At first Fay was about to say it was a mistake. She didn’t know anyone in Chestnut Street, but then her name was O’Brien and on her mother and father’s wedding certificate the best man’s name had been written down as James Kenneth O’Brien. He could be her father’s brother. But why get in contact now?

Fay was going to be twenty-five on her next birthday. What could explain the silence, coldness and distance of a quarter of a century? She would ask her own brother, Finbarr, but he was away. He worked as a steward on a liner and was often gone for months at a time.

“Don’t get involved, Fay, I beg you,” her friend Suzanne advised. “You’re too kind, too easygoing. This old guy will want you to clean his house, wash his smalls, do his shopping, all in the name of family. But where was he when you needed him?”

“I didn’t need him,” Fay said.

“Yes you did, when they came and took the house from under you after your father died …”

“To be fair, there were a lot of debts and he hadn’t paid the rent for a while,” Fay said.

“Yeah, but a couple of hundred from Uncle James Kenneth would have helped.”

“He might not have had it.” Fay was defensive.

“If he lives in Chestnut Street he has it. Those houses are going up in value every day; remember that before you agree to do every hand’s turn for him, Fay.”

The girls had been friends since school. They worked side by side in a dry cleaner’s and lived on dreams that one day two handsome, rich American men would come in to have their elegant suits pressed. Their eyes would meet the eyes of Fay and Suzanne and the next thing would be dinner, almost the next thing would be marriage and then there would be a life of ecstasy in Malibu.

But these men never turned up, so Suzanne and Fay shared a bed-sitter and saved some money every week to spend on a holiday in Ibiza in case the American movie men had taken their sharp suits there instead.

“I’ll go and meet the nurse anyway,” Fay said.

Nurse Williams was brisk and to the point. Mr. O’Brien had suffered a mild stroke; they needed to be sure that there was someone to keep an eye on him, to make sure that he took his medication, that he ate sensibly and looked after himself.

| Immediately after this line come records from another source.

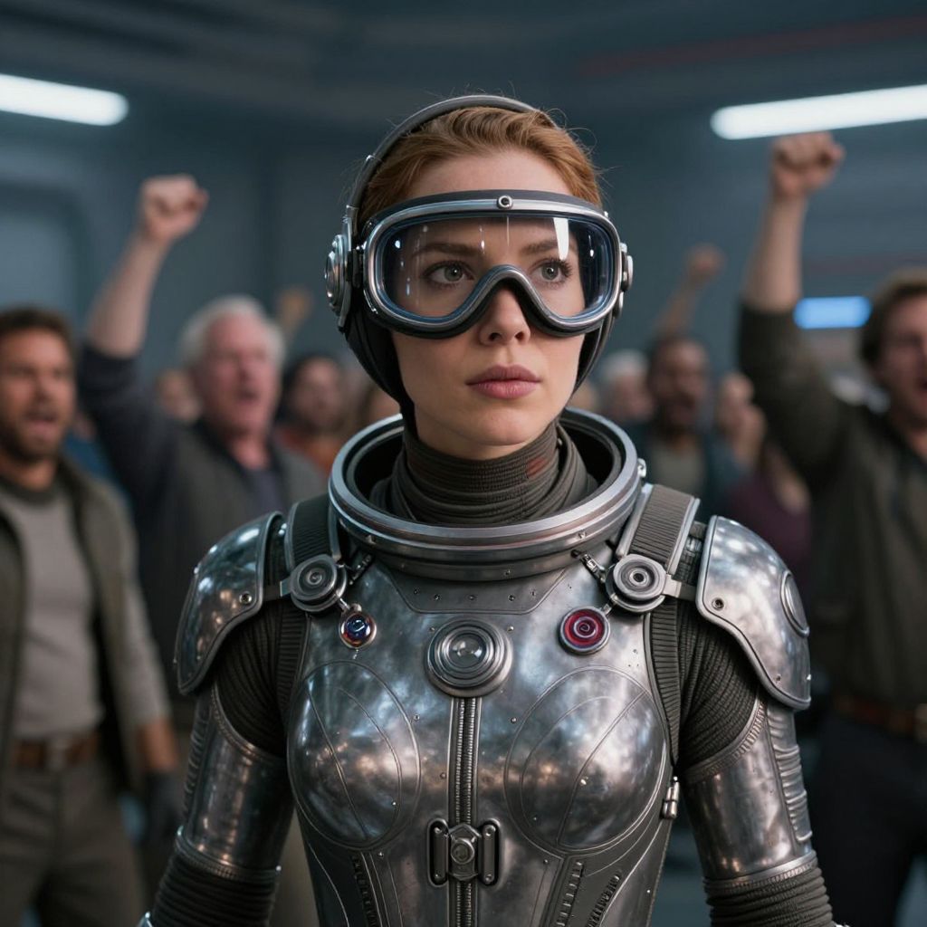 A futuristic woman in a metallic space suit and goggles, with a crowd cheering in the background, in a sci-fi movie scene.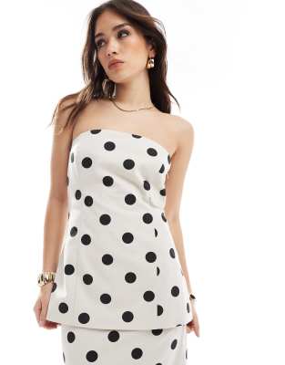 Tops by 4th & Reckless Part of a co-ord set Skirt sold separately Polka-dot print Bandeau style Zip-side fastening Regular fit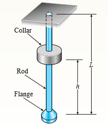 > A sliding collar of weight W = 150 lb falls from a height h = 2.0 in. onto a flange at the bottom of a slender vertical rod (see figure). The rod has a length L = 4.0 ft, cross-sectional area A = 0.75 in2, and modulus of elasticity E = 30 ×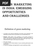 GREEN MARKETING IN INDIAN SCENARIO The term Green Marketing is relatively new in the Indian context. The most visible manifestations of corporate activities have been in industries associated with polluting the environment (Petroleum, fuel) or niche segments in some sectors such as hotels and stationery. Other than this, there is no significant drive to pursue options in the production of greener products or building up a consumer base for green products. Understandably so, given the absence of regulations in place to steer firms towards greener alternatives, leave alone design of green manufacturing systems, even the existing rules on effluent treatment and gaseous emissions into the atmosphere are not implemented properly. A trend that evolved two decades ago in developed markets has just started in India. Over the past few years, some sectors in India have seen green initiatives by firms. Partly to differentiate their offerings in a competitive milieu and partly to take advantage of the price premium possible, many companies have started offering branded products in several categories. Some of these are detailed below a) Renewable Energy Setting up of Indian Renewable Energy Development Agency Limited (IREDA) in 1987 was such an attempt. At the customer end, Tata BP solar provides many solar products for households under different brands. b) Hospitality ECOTEL is a global certification for eco friendly hotels. Presently there are 36 hotels worldwide of which 5 are in India. c) Fuel Public sector giants like BPCL, HPCL and Indian Oil became more market oriented with the liberalization of the sector. BPCL offers greener fuels under the brands Speed, Speed 93, Speed 97 and Hi-speed diesel. d) Automotive Bajaj Auto launched ECOrick, an electric three wheeler. Hyderabad based Cynosure Enterprises Limited launched Yash E Bike, an electric two wheeler that runs at a speed of 25 to 30 km/hr.

Often it was a matter of post-stroke depression, and if this were to be avoided they
would need to be sure that he wasn’t left to wallow around on his own.

“I don’t think you understand, Nurse. This isn’t a loving extended family. I never saw the man in my life, and he never remembered me or my existence until he needed me.”

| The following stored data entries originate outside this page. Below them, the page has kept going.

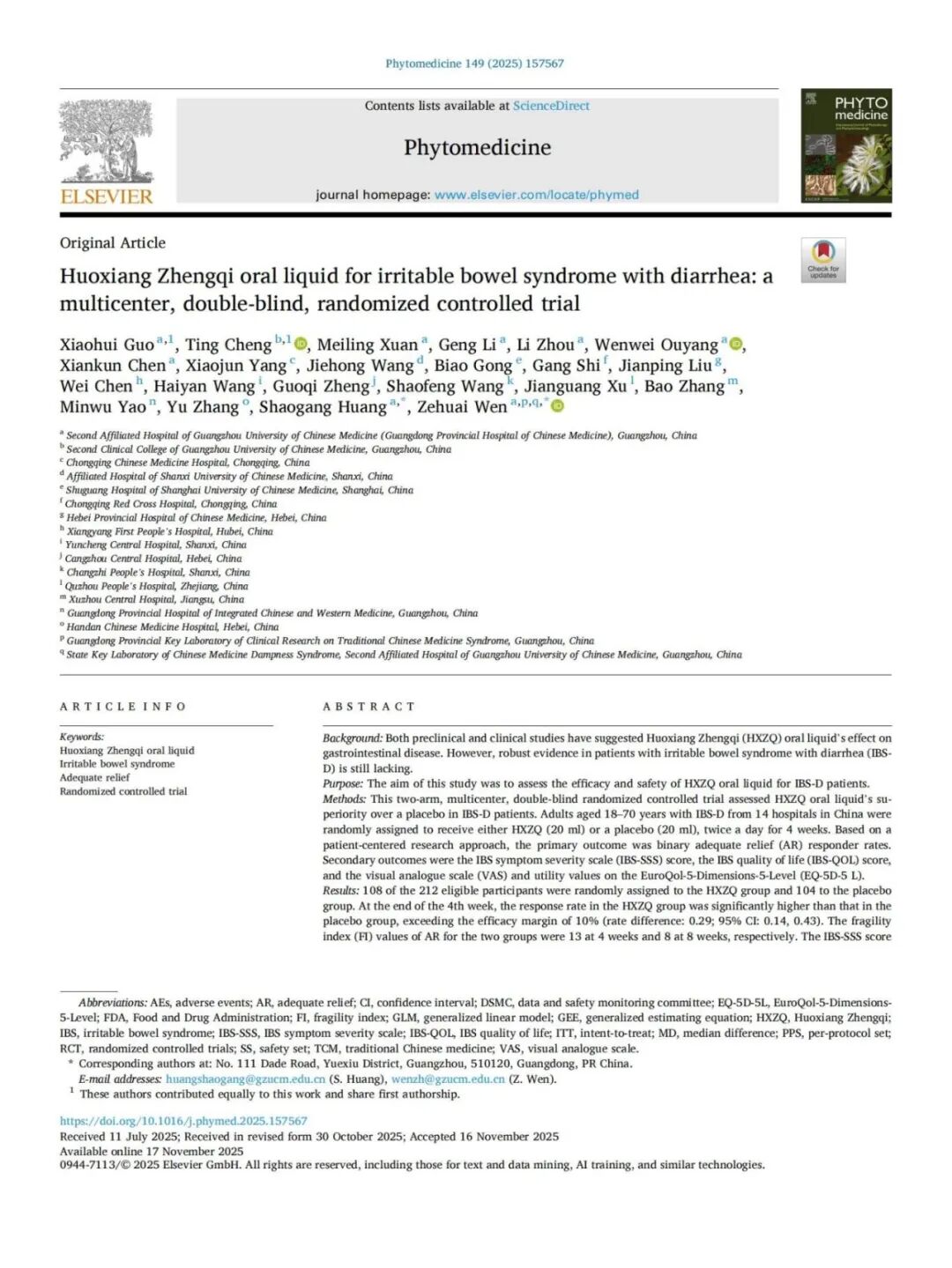 近日,太极藿香正气口服液治疗腹泻型肠易激综合征(IBS-D)的多中心、双盲、随机对照临床试验取得重大成果,相关研究论文已正式发表于国际权威期刊《Phytomedicine》(IF: 8.3)。这是继该产品在特应性皮炎治疗研究取得进展后,在拓展适应症领域取得的又一重大突破。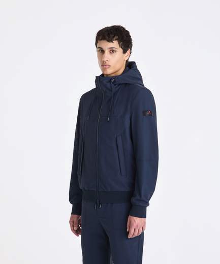PEU574601192031Giacca hybrid con cappuccio.Giacca corta con cappuccio realizzata in tela tecnica di nylon stretch ritorto, caratterizzata da un aspetto opaco e leggermente mosso, ottenuto grazie all’impiego di filati testurizzati. Dotata di cappuccio con tiranti regolabili, chiusura full zip centrale a doppio cursore, tasche laterali, fondo e polsini in maglia. Parte della linea Transeasonal che nasce da un equilibrio tra materiali evoluti, design essenziale e capi pensati per attraversare le stagioni con naturalezza. Un capo dal carattere sportivo reinterpretato con gusto contemporaneo, perfetto per unire comfort e stile.In tela di nylon stretch, Cappuccio con tiranti, Fondo e polsini in maglia.Tessuto principale: 90% Poliammide 10% Elastan Leggi tutto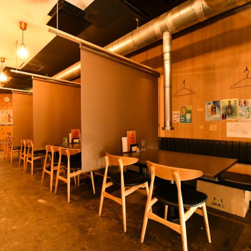 【宴会など様々なシーンに◎】テーブル席は7卓ございます。テーブル間は仕切りがあるので、人目を気にせずごゆっくりお楽しみいただけます◎会社帰りやご友人同士の宴会はもちろん、女子会やご家族でのお食事など様々なシーンでご利用いただけます♪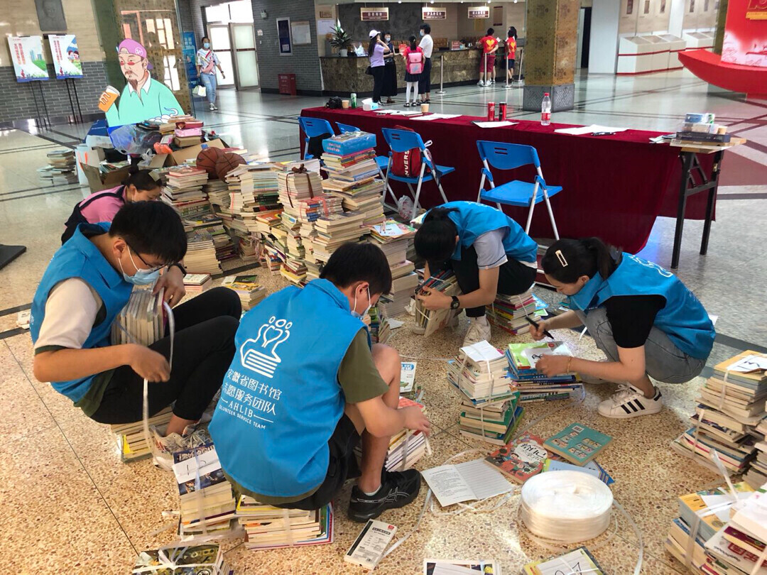 图为志愿者们努力打包整理书籍。中国青年网通讯员 刘涛 供图

“He remembered you and agreed that we get in touch only after a lot of probing on our part and a great deal of reassurance that you would not be put out. We told him it would only be a formality.”

“And would it? Be only a formality, I mean?” Fay asked.

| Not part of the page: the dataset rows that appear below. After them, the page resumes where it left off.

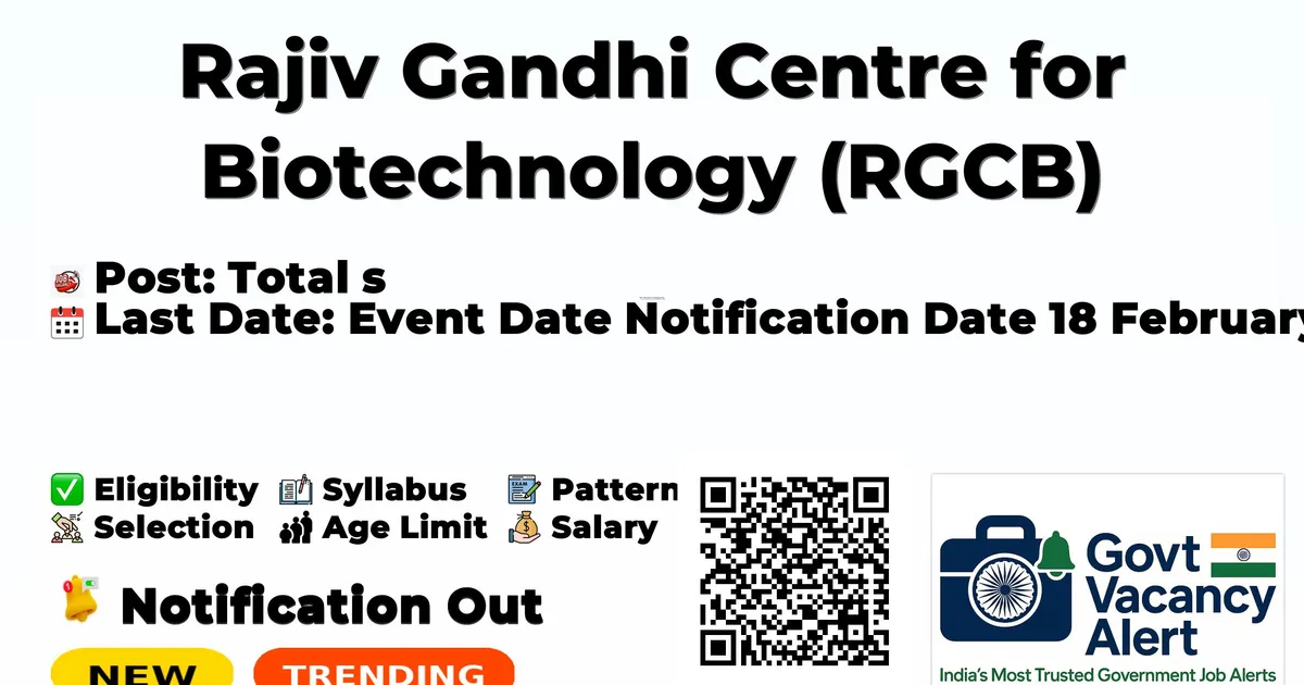 Rajiv Gandhi Centre for Biotechnology (RGCB) has released an official notification for the recruitment of 31 Laboratory Technologist Intern Posts. Interested and eligible candidates can apply Online through the official RGCB website. The last date to submit the application form is 15-03-2026.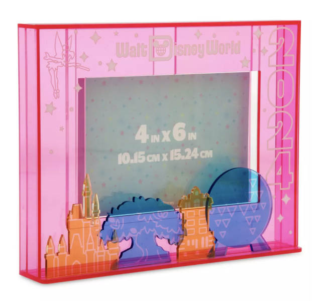 Show off your latest Disney World picture with the 2024 park icons picture frame! It would set perfectly on a desk, nightstand, or living room end table.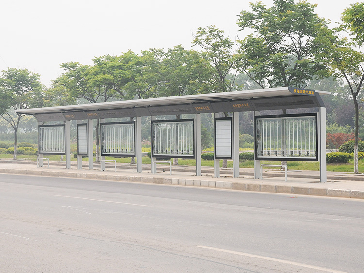 公交車候車亭一般是與公交站牌相配套的,為方便公交乘客候車時遮陽、防雨等,在車站、道路兩旁或綠化帶的港灣式公交?空旧辖ㄔO(shè)的交通設(shè)施。由于城市公交的日益發(fā)達,候車亭已發(fā)展成為城市一個不可或缺的重要組成部分,設(shè)計精美的候車亭也成為了城市一道美麗的風(fēng)景。 一般候車亭棚體主要頂棚、立柱、頂弓、廣告燈箱和坐凳組成,也有用隔板來代替廣告燈箱的。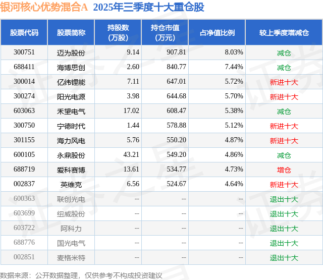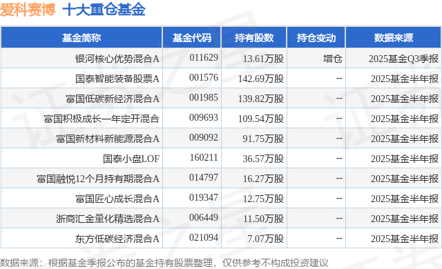 根据2025基金Q3季报公募基金重仓股数据,重仓该股的公募基金共1家,其中持有数量最多的公募基金为银河基金的银河核心优势混合A。银河核心优势混合A目前规模为1.11亿元,最新净值0.7827(10月24日),较上一交易日上涨3.01%,近一年上涨10.69%。该公募基金现任基金经理为李一帆。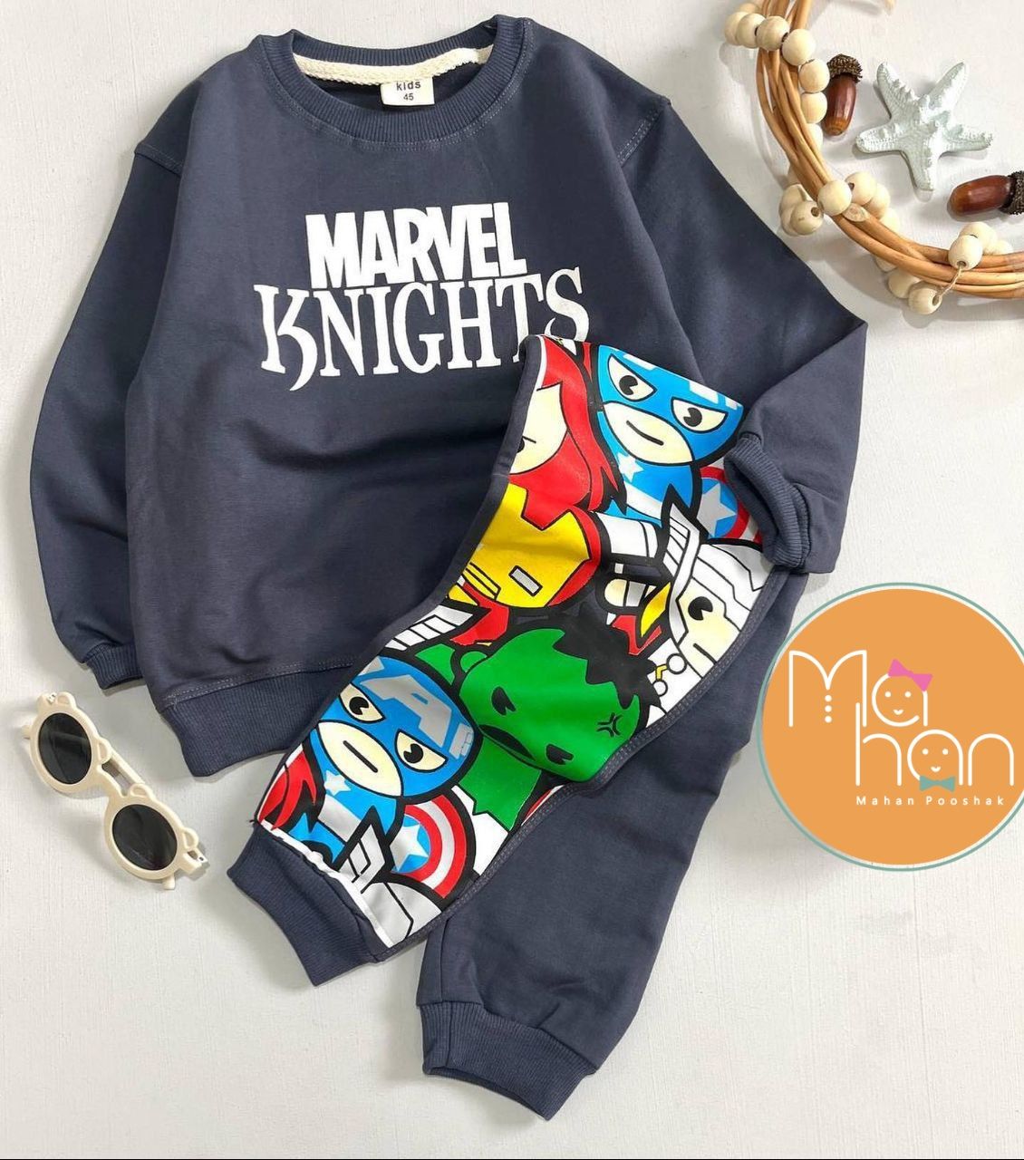 مناسب سن۱تا۷سال س35قد بلوز32پهنا30استین28شلوار45 س40قدبلوز38پهنا34استین32شلوار55 س45قدبلوز42پهنا37استین36شلوار63 س50قدبلوز47پهنا41استین39شلوار70

“No, to be honest, I think it would be more of a commitment, unless of course you could come to some arrangement with his neighbors.”

“What are they like?”

“Well, Mr. O’Brien has bad luck in one way. The neighbors on either side are absentee landlords, people who own the property but rent their places, so the cast keeps changing. Some teenager down in Number Eighteen feeds his cat for him. I know that there’s a nice, but fairly scatty, hippie girl nearby in Twenty-Six, and a rather earnest couple in Number Twenty-Five, but perhaps you could make further inquiries …”

“What do they call him? ‘James’? ‘Jim’? ‘Kenneth’?” Fay asked.

“I’m afraid they call him ‘Mr. O’Brien,’ even us. It’s what he wants,” Nurse Williams said apologetically.

“Everyone?”

“Yes, everyone.”

“Heigh-ho,” said Fay.

“I’m Martin O’Brien’s daughter, Fay,” she said to the small man in the hospital bed.

“And where did he get a name like that for you?” the man said.

“He and my mother baptized me Mary Faith. I chose Fay.”

“Huh,” he said.

“And what do people call
you
?” she asked.

“You won’t be here long enough for it to matter,” the man said.

“Are you normally this charming to everyone or is it only because I am your brother’s daughter that you’re making a special effort with me?” Fay asked.